WORK INSTRUCTIONS:
Your answer must be the line containing "Full Length Tulle" and each following line to the end of the listing below, copied exactly, with pictures removed and nothing added.

COLLECTED DATA:
▼

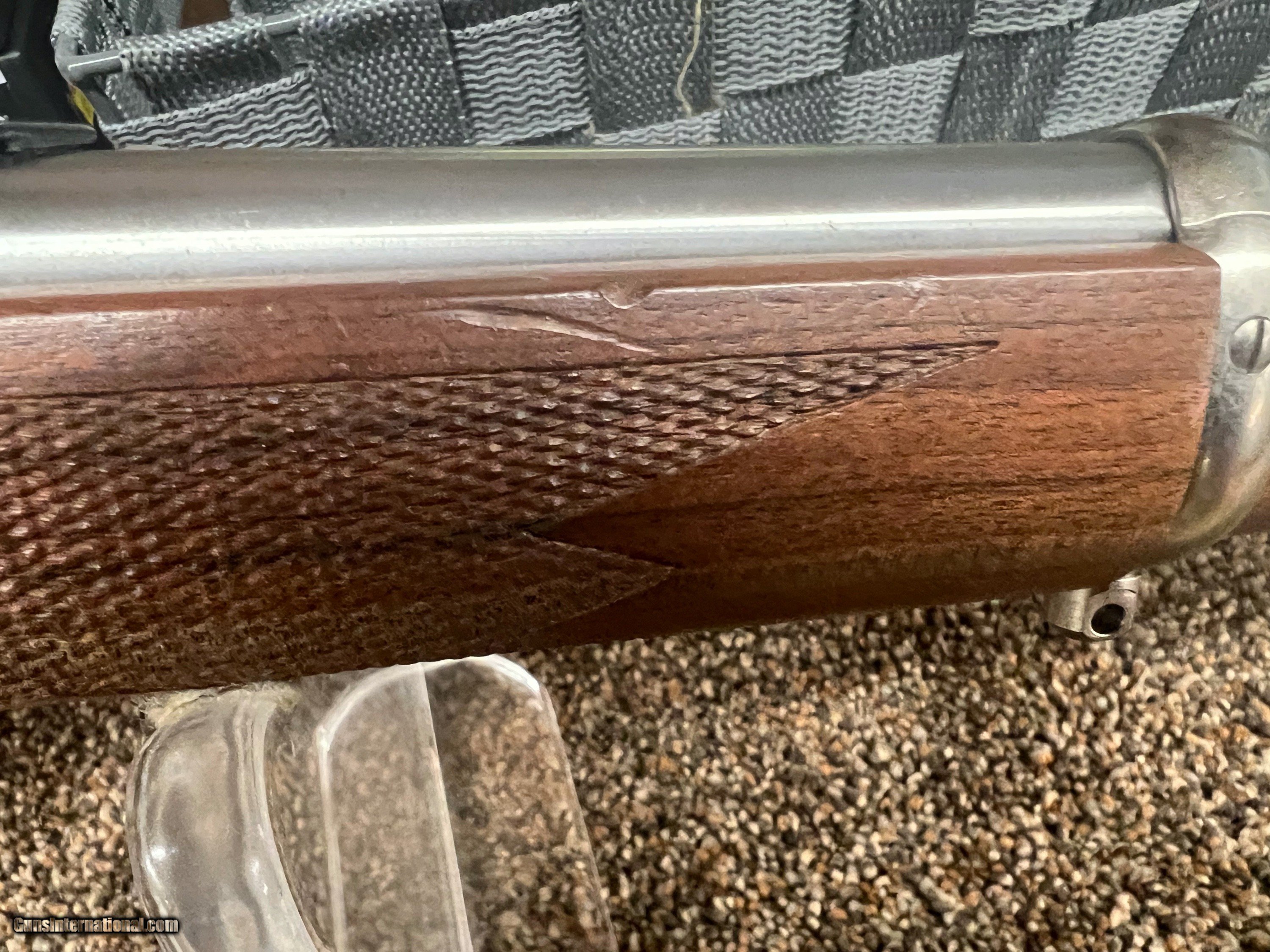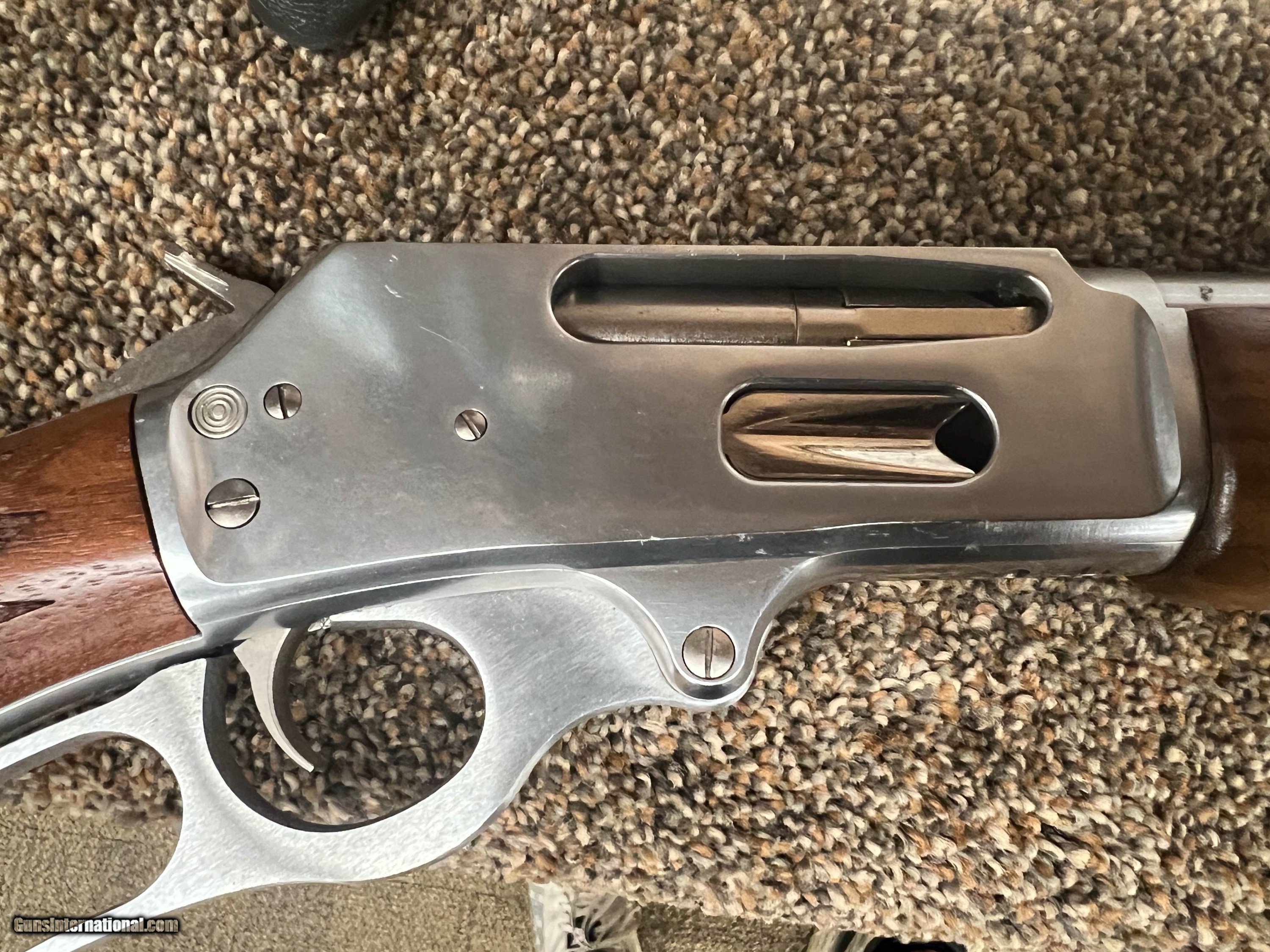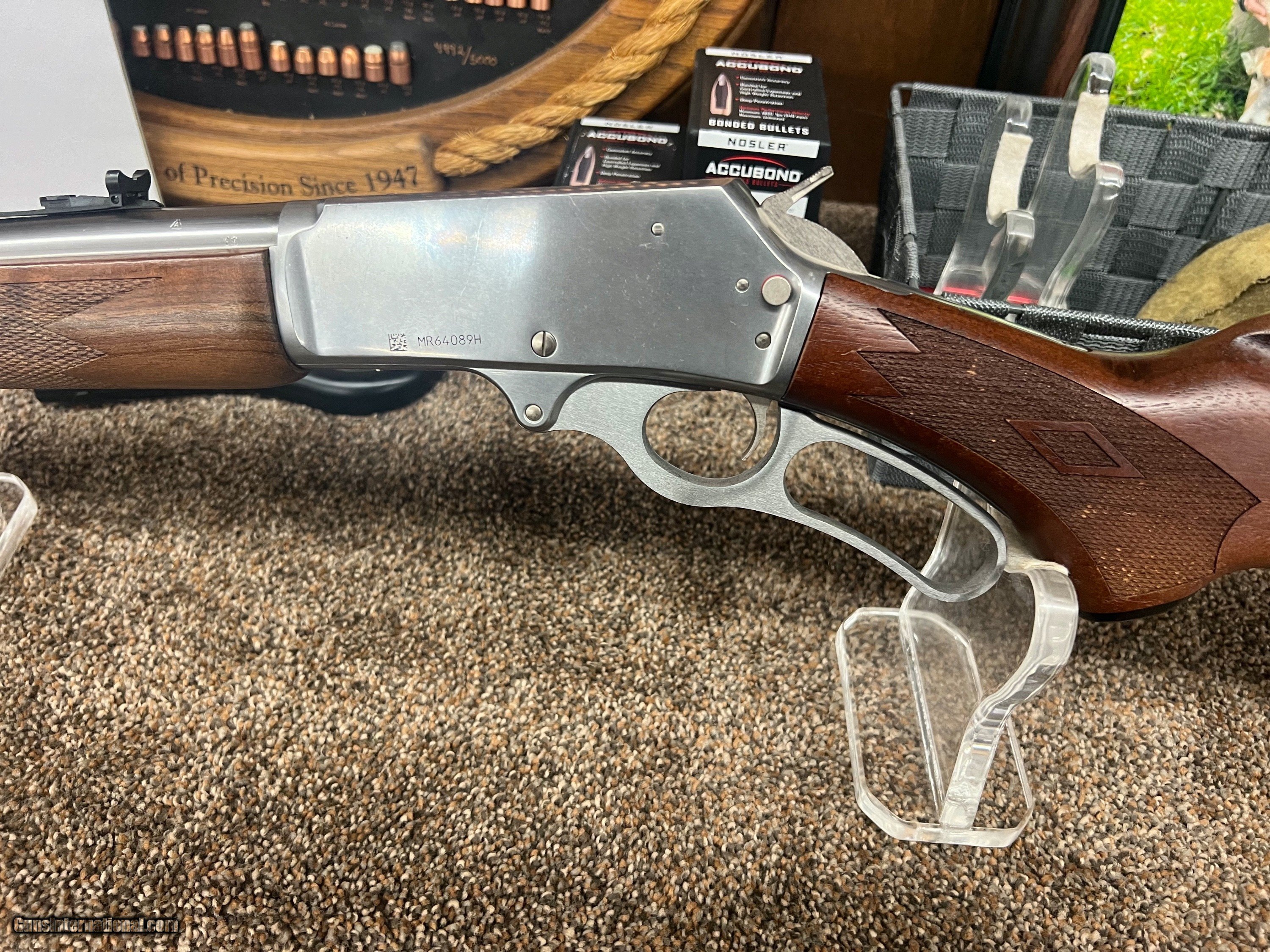 Description: Here's a nice lightly used Marlin 336SS 30-30 win, exc bore, 20" barrel, open sights, impressed checkering, crossbolt safety, Remington marked, does have some light marks on the wood and a few scratches on the receiver as pictured. 60.00 shipping, 2.99% credit card fee, PA residents add 6% sales tax. SOLD Rifle Caliber: .30-30 Winchester |
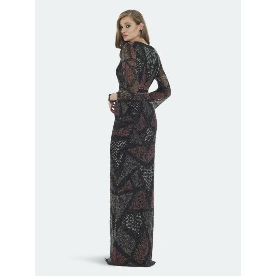 Full Length Tulle fabric long dress with V neck & long bell Sleeves embellished with seed beads and pearls.
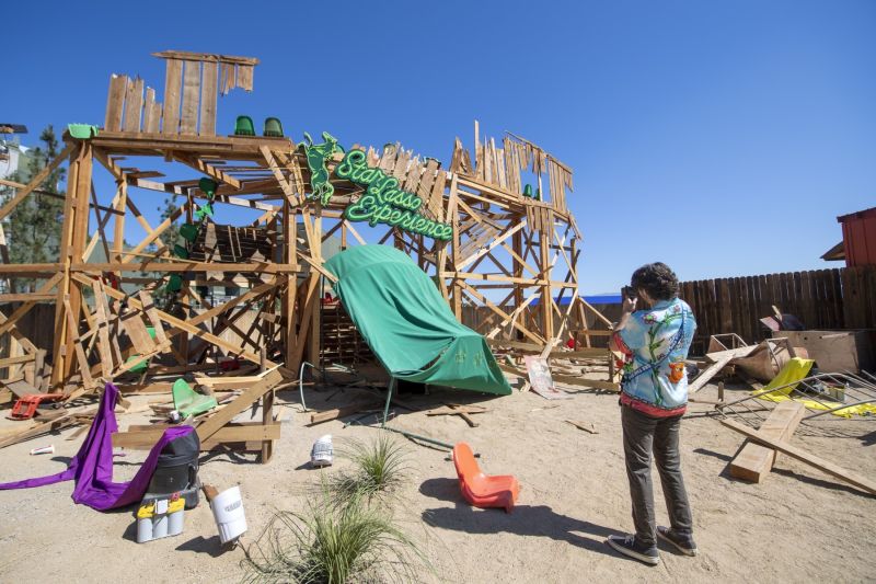 Elle a été réalisée grâce au décor bâti dans Nope pour Jupiter’s Claim, un parc d’attractions fictif sur le thème du western, très présent dans le film. Ce décor a été soigneusement démonté à la fin du tournage dans le désert californien puis transporté à Los Angeles pour être remonté sur le site d’Universal.

▲

COMPLETED TASK:
 Full Length Tulle fabric long dress with V neck & long bell Sleeves embellished with seed beads and pearls.
 Elle a été réalisée grâce au décor bâti dans Nope pour Jupiter’s Claim, un parc d’attractions fictif sur le thème du western, très présent dans le film. Ce décor a été soigneusement démonté à la fin du tournage dans le désert californien puis transporté à Los Angeles pour être remonté sur le site d’Universal.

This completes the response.